It is my understanding that if a dog is affected by lungworm, as long as treatments are maintained the worm is not able to grow. So a dog can have lungworm, but if the correct preventative meds are used it does not die, but lays domant. If treatment is stopped then it will begin to grow then affect the dog. 

I could be totally wrong, but that how I understand it.


----------



## kaisa624 (Mar 5, 2010)

We just use Advocate


----------



## rocco33 (Dec 27, 2009)

It would be worth checking the actual lungworm that is covered by your annual injection, because there is more than one. The problem one found in the UK is Angiostrongylus vasorum.

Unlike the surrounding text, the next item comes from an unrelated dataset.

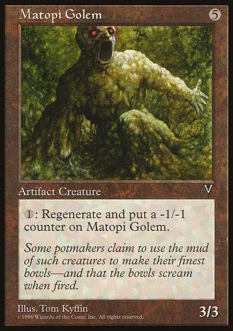1: Regenerate and put a -1/-1 counter on Matopi Golem.

At the moment, the only wormer licenced as a preventative is Advocate, although I believe Milbemax and panacur can be used in the treatment of lungworm, but in much higher doses than a normal worming routine, so normal regular worming with these products would not treat them.


----------



## katiefranke (Oct 6, 2008)

Some interesting info on lungworm and its lifecycle...
Merck Veterinary Manual

Interesting to note that it says the forms that affect dogs are rarely severe or fatal...?

It also talks about the different active ingredients/drugs that can treat/prevent it.


----------



## sue&harvey (Mar 10, 2010)

The only one I can fond any info on is Dirofilaria immitus, which is also mentioned in the article katiefranke. Very confused now :confused1:


----------



## Guest (Aug 25, 2010)

sue&harvey said:


> The only one I can fond any info on is Dirofilaria immitus, which is also mentioned in the article katiefranke. Very confused now :confused1:


That's because it is also known as French heartworm 
http://www.ivis.org/advances/Parasit_Bowman/conboy_angiostrongylosis/ivis.pdf


----------



## delightfuldior (Jul 15, 2010)

katiefranke said:


> I think its actually Advocate that is the only 'licensed' preventative - Panacur can be given after the fact to cure it and in a specific dosage rather than the usual dose for intestinal worms.
> 
> I didn't think that milbemax was licensed for lungworm though? thats why the vets give you the advocate - but as it doesnt cover tapeworm, they have to recommend using another wormer such as drontal or milbemax still for the tapeworm.
> 
> ...


I researched all of the above so during the warm summer months I give mine Advocate spot on monthly for the lungworm and other worms... and Milbemax quarterly for the tapeworm. I also researched that its good to give ya animals a break during the cold winter months as its highly unlikely fleas are about (although not impossible) so worming isnt necessary, I also found out that the lungworm does survive cold freezing months but it buries itself very deep in the ground so doesnt pass onto other animals, slugs etc..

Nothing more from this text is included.